• INPUT DATA:
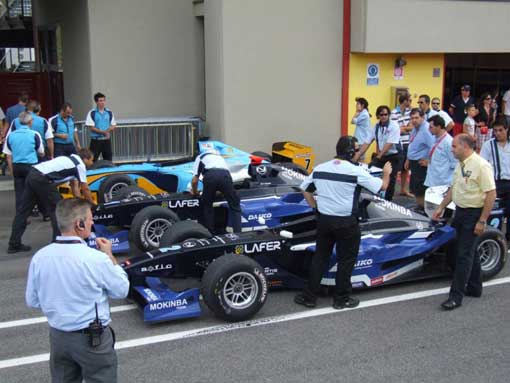 A garage shift check on a Formula 3000 car.
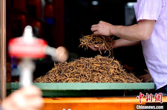 圖為7月16日,蟲(chóng)草商張華平正在展示店內(nèi)的蟲(chóng)草。中新社記者 李林 攝
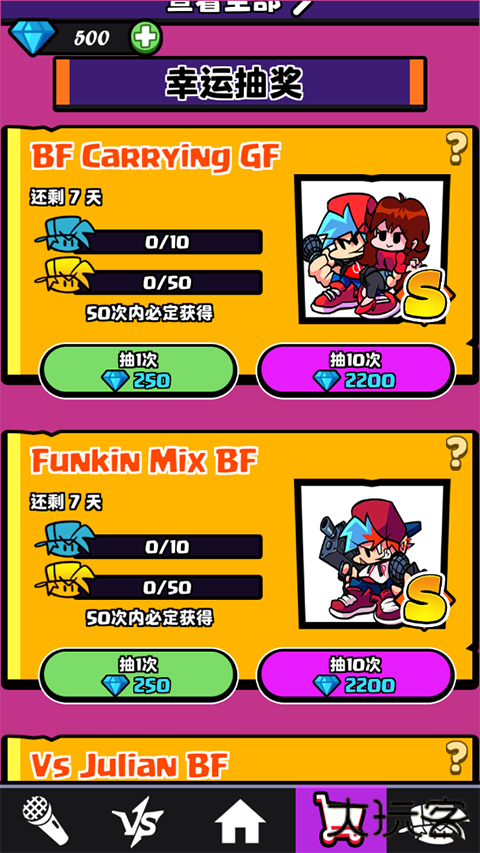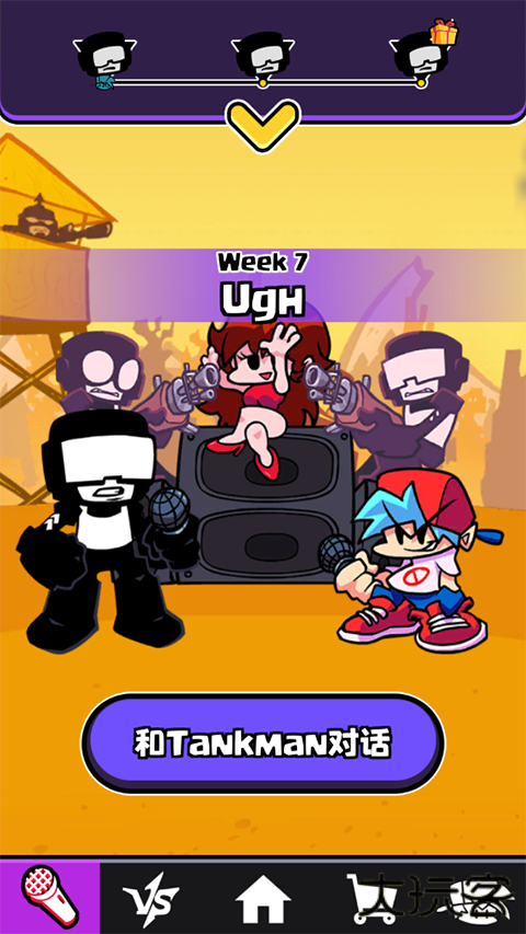 黑色星期五之夜节奏对战游戏中玩家可以寻找自己的节奏点,这里有大量的模组可以加入。海量的歌曲内容实时更新和加入,优质的音乐和铺面,独特的音效音质,让你沉沦在这个音乐的世界里面,你需要不断点击上下左右来完成节拍,尝试挑战更多的游戏分数。

• TASK TO COMPLETE: Would you retype the listing above exactly, omitting its pictures?

• RESULT FOR THIS TASK:
 A garage shift check on a Formula 3000 car.
 圖為7月16日,蟲(chóng)草商張華平正在展示店內(nèi)的蟲(chóng)草。中新社記者 李林 攝
 黑色星期五之夜节奏对战游戏中玩家可以寻找自己的节奏点,这里有大量的模组可以加入。海量的歌曲内容实时更新和加入,优质的音乐和铺面,独特的音效音质,让你沉沦在这个音乐的世界里面,你需要不断点击上下左右来完成节拍,尝试挑战更多的游戏分数。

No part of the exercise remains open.